Number of occurrences to words, in descending order of frequency:
SELECT COUNT(lemma) AS cnt FROM sblgnt GROUP BY lemma ORDER BY cnt DESC;
Not a lot of surprises here:
Here it is with a logarithmic scale:
So you might want to ask, how many lemmas occur more than 10x?
SELECT COUNT(lemma) FROM (SELECT lemma,COUNT(lemma) AS cnt FROM sblgnt GROUP BY lemma) AS tmp WHERE cnt >= 10;
I started wondering what the best order to read the books would be, if your priority was to read complete books, and learn as little vocabulary as possible at one go. (That is, once you've read the first book and know all of those words, you don't need to relearn them to read the second book.) I couldn't think of a way to figure this out with a simple SQL query. I had to create an algorithm.
# this is a temporary copy of sblgnt
CREATE TEMPORARY TABLE words ( _id INTEGER PRIMARY KEY AUTOINCREMENT, lemma TEXT, book_name TEXT );
INSERT INTO words (lemma,book_name) SELECT lemma,book_name FROM sblgnt;
# another table to hold used words
CREATE TEMPORARY TABLE used_words ( _id INTEGER PRIMARY KEY AUTOINCREMENT, lemma TEXT, book_name TEXT );
do this 27 times{
# take the book_name with the fewest words:
SELECT COUNT(DISTINCT lemma) AS cnt,book_name FROM words WHERE lemma NOT IN (SELECT lemma FROM used_words) GROUP BY book_name ORDER BY cnt ASC LIMIT 1;
# put those words into used_words
INSERT INTO used_words (lemma,book_name) SELECT lemma,book_name FROM sblgnt WHERE book_name=?;
# remove them from words
DELETE FROM words WHERE book_name=?;
}
This gives the following order. The number shows the number of new words you have to learn to read that book.

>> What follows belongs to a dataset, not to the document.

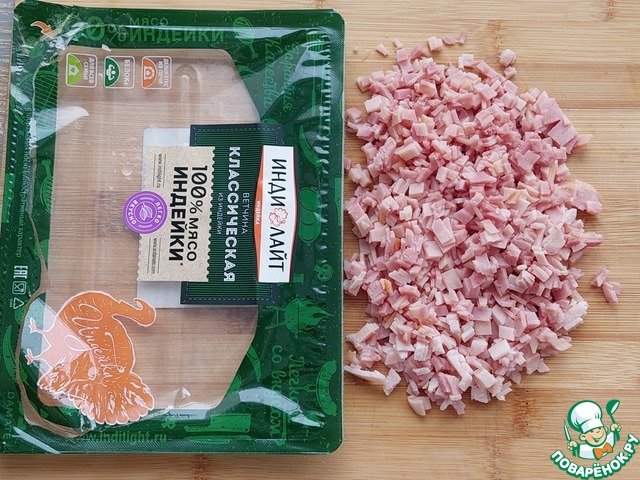Ветчину ТМ "Индилайт" нарезать мелкими кубиками.

At first it's surprising that you have to learn fewer words for 3 John than for 2 John, but that's because you already learned a bunch of words for 2 John (95, in fact). 3 John only has 108 words to learn, but you'd have learned a good deal from having studied 2 John first.
This wasn't as interesting as I'd hoped it would be, because the measure is strongly biased by the length of the book. There's a comparison below between this order, and simply looking at how many distinct lemmas there are in each book. You don't get a dramatically different answer than you would if you just started with the books with the fewest words. (And really, who's going to wait to the end to read the gospels?)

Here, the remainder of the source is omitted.